Children with craniosynostosis almost universally have surgery to reopen the sutures and allow normal growth of the boney plates of the skull. Premature closure of sutures causes the skull and the brain beneath to deform. However, the researchers had few CT and MRI images to work with because even if both CT and MRI are acquired for a patient, they are rarely obtained the same day.
"We are extremely conservative in requiring that the two types of images be taken within a 24-hour period," says Richtsmeier. "Early brain and skull growth are so rapid that if the images were taken weeks apart, they would not be an exact fit." T scans record a three-dimensional image of the skull while MRIs provide a three-dimensional brain image.
The researchers caution that the number of infants studied in this way is small at this point, but they found that the brain and skull are strongly integrated.

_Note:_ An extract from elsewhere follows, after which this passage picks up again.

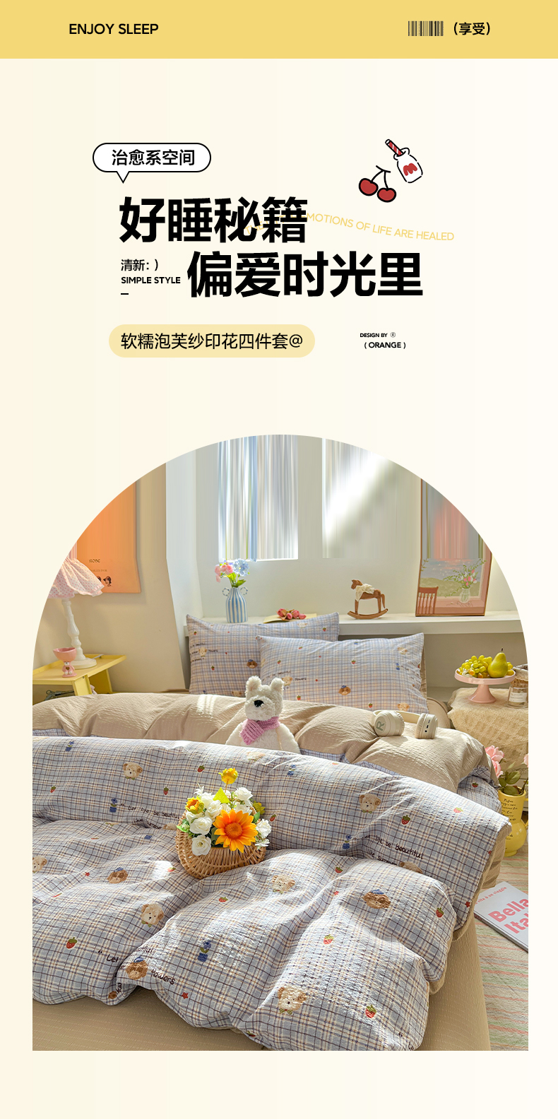 当前位置: 91家纺网 > 商品网购 > 床品套件 > 四件套 > 其它四件套 > 彩韵家纺 2026新款软糯泡芙纱印花四件套 狗狗乐园
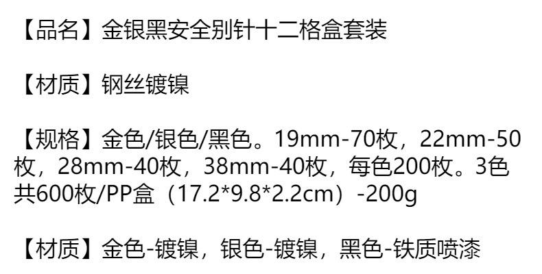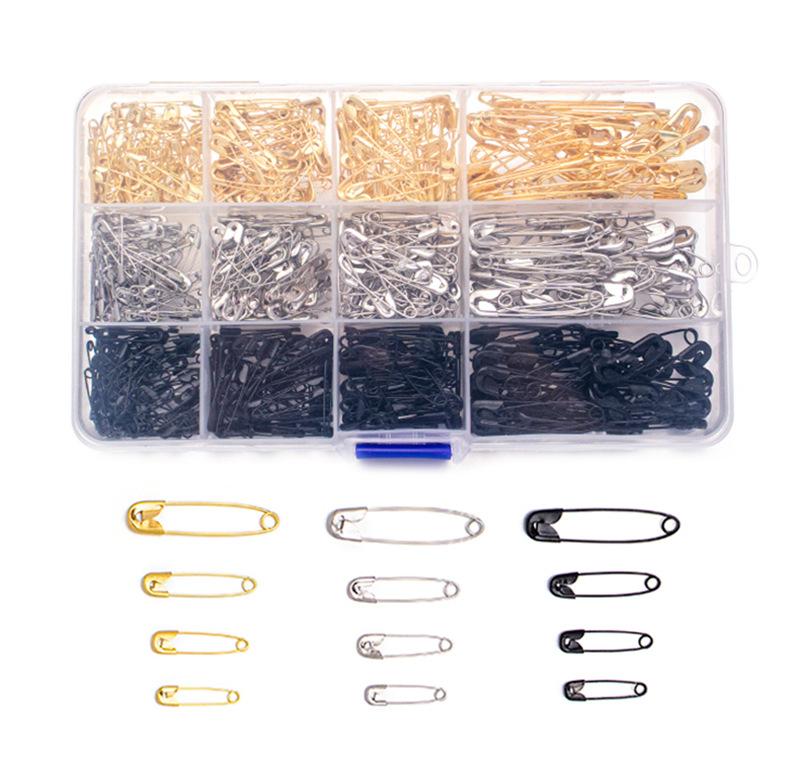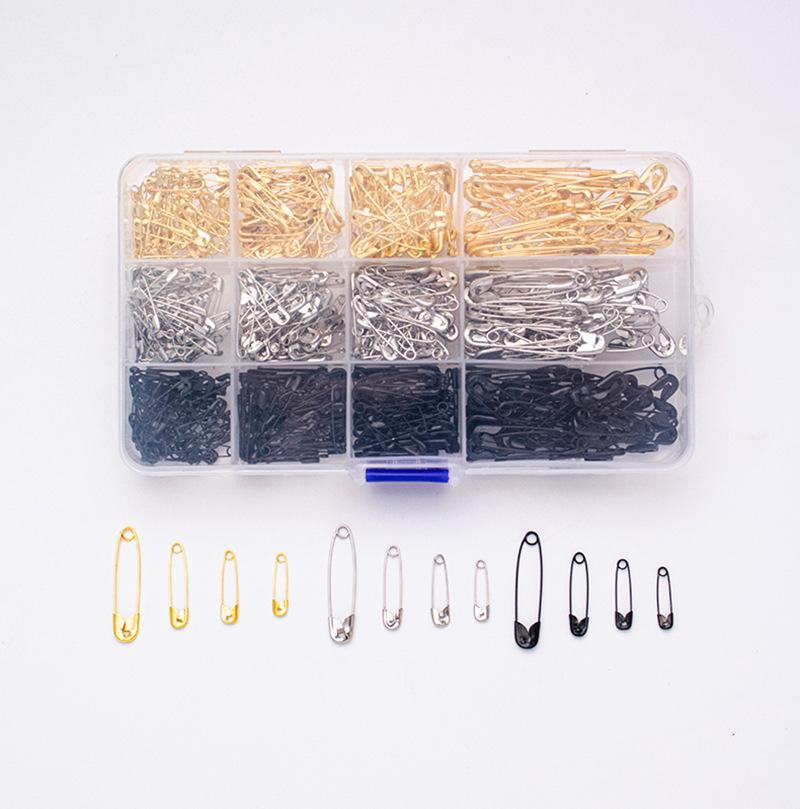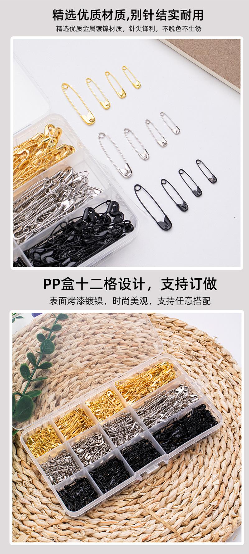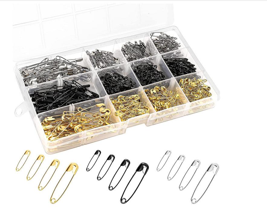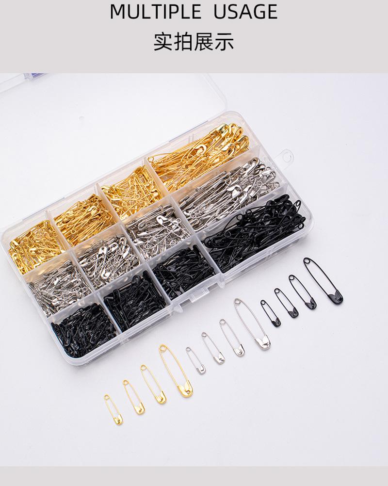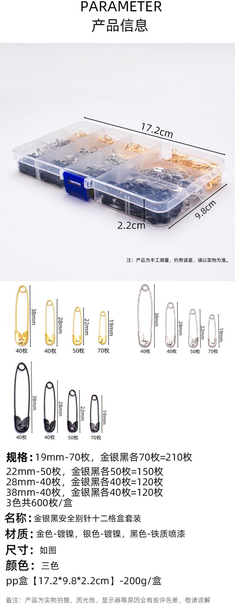 Pin de seguridad de 12 rejillas de múltiples especificaciones transfronterizo, en caja, plateado, dorado y negro, pin para etiqueta de ropa, 600 piezas

"We also expected to see higher correlation among those brain and skull measures that were close to each other anatomically, but we did not," says Richtsmeier. "We found that the stronger statistical relationships existed between neural structures located near the top of the brain and boney features at the base of the skull."
To look at the correlations between the skull and the brain, the researchers first had to find locations that could be accurately found again and again. Locating reliable markers was easier on the rigid skull than on the brain. Co-author of the paper, Kristina Aldridge, former postdoctoral researcher at Penn State and now at Washington University, looked at the reproducibility of standard anatomical features on the skull and brain.
"We found that the brain landmarks people often use were highly variable and had the biggest errors in reproducibility," says Richtsmeier. "We eventually chose brain locations that were easier to identify reliably such as the most posterior point or the centroid of small neural structures."
The researchers did not compare one brain to another or one skull to another, nor did they use the data in a coordinate system. Instead, they measured the correlations between measure taken on brain and those taken on skull. Overall, they found that the correlations between brain and skull were very high.
Because normal infants almost never have MRIs and CT scans done at the same time, there are no controls available with which to compare the correlation of skull with brain measurements. Because even infants with craniosynostosis usually do not have both CT scans and MRIs done on the same day, the available study population is small, however, the researchers plan to increase the number of infants studied.
Richtsmeier notes that, from a medical point of view, the researchers want to find genetic mechanism underlying craniosynostosis so that the problem can be prevented or cured. From an evolutionary point of view, researchers focus on the developmental basis for the physical change observed in the fossil record and propose hypotheses about the evolution of the genetic traits responsible for these changes. The researchers propose that the genetic basis of the complex regulatory sequences that cause the changes documented in craniosynostosis infants may also account for the changes observed in the evolution of the vertebrate skull.
The researchers include Richtsmeier; Aldridge; Valerie B. DeLeon and Jayesh Panchal, The Johns Hopkins School of Medicine; Alex A. Kane, Johns Hopkins and Washington University School of Medicine; Jeffrey L. Marsh, St. John's Mercy Medical Center, St. Louis; Peng Yan, computer scientist, Penn State anthropology department; and Theodore M. Cole III, University of Missouri - Kansas City.
The National Institutes of Health supported this research.